Do you have a healthy academic environment?

By James Hayton,
October 24, 2012
I'm James, I'm a former physicist (PhD, Nottingham, 2007) and author of "PhD: An Uncommon Guide to Research, Writing & PhD Life".
Since 2010, I've been helping PhD students all over the world overcome barriers in their research and writing
My strategies have helped thousands of PhD students just like you to build confidence, write better and finish on time

Success in research depends on many factors other than just talent.

One major factor is the academic environment in which you work, and the way you interact with your colleagues.

Why environment matters

There is a huge difference between undergraduate study and postgraduate research. You have to think in different ways, because you are conducting original research rather than learning an established curriculum.
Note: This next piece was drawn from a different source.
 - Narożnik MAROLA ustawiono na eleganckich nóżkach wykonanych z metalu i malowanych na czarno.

If you are surrounded by other researchers on a daily basis, you can learn a huge amount from the conversations around you as to how researchers think.
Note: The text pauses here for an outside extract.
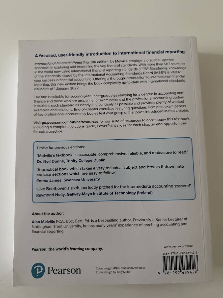 International Financial Reporting, 8th edition by Alan Melville, offers a clear and practical introduction to the essential international financial standards. Now updated with the latest requirements as of 1 January 2022, this textbook is designed for second-year undergraduates in accounting and finance as well as those preparing for professional examinations. The book provides concise explanations of each standard, supported by numerous worked examples and solutions to illuminate complex concepts. With its accessible and structured approach, the text breaks down technical topics into manageable sections. End-of-chapter exercises, featuring questions inspired by past professional exam papers, are included to test your understanding of the material. International Financial Reporting serves as an indispensable guide for building a solid foundation in the principles and practices of international financial reporting.
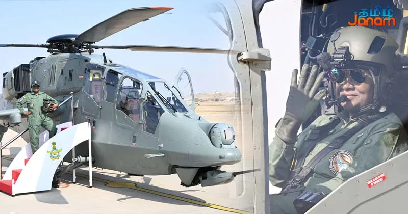 குடியரசுத் தலைவர் திரெளபதி முர்மு, உள்நாட்டில் தயாரிக்கப்பட்ட பிரசந்த் இலகுரக போர் ஹெலிகாப்டரில் துணை விமானியாக பயணித்தார்.

You also have people to talk to about your own research, people with a vast range of expertise you can tap into, or people to bounce ideas off.

Connecting ideas

Breakthroughs often occur when you make connections between previously disconnected ideas.

If you have ever watched an episode of House M.D., you will have seen the scene near the end of every episode where Dr. Wilson makes a comment unrelated to the case which triggers the flash of inspiration just before the final commercial break.
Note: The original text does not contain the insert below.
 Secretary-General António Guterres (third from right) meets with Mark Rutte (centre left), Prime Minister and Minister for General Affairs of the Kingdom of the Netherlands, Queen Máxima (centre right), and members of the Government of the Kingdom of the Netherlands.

It's the connection of previously unrelated ideas that's the key to solving the case, and it often happens by accident.

A healthy environment for generating ideas

In a healthy academic department, people meet for coffee every day. People throw ideas around and ask questions. People take an interest in others' research and help each other out.

In a healthy environment, there should be enough trust that you can admit when you don't know the answer, or to ask a stupid question or suggest a crazy idea.In a healthy environment, this is an informal interaction... a weekly research group meeting rarely allows for the same freedom of discussion.

The biggest mistake...

The biggest mistake you can make is to try to do everything on your own, and never discus ideas with other people (see the 10 commandments for PhD failure).

Distance PhDs

If you are doing a distance PhD, then you don't have the same opportunity for academic interaction, so you have to make extra effort to seek it out, whether that's through more regular contact with a supervisor or other students.

Do you have a healthy academic environment?

And if not, what are you going to do to create one?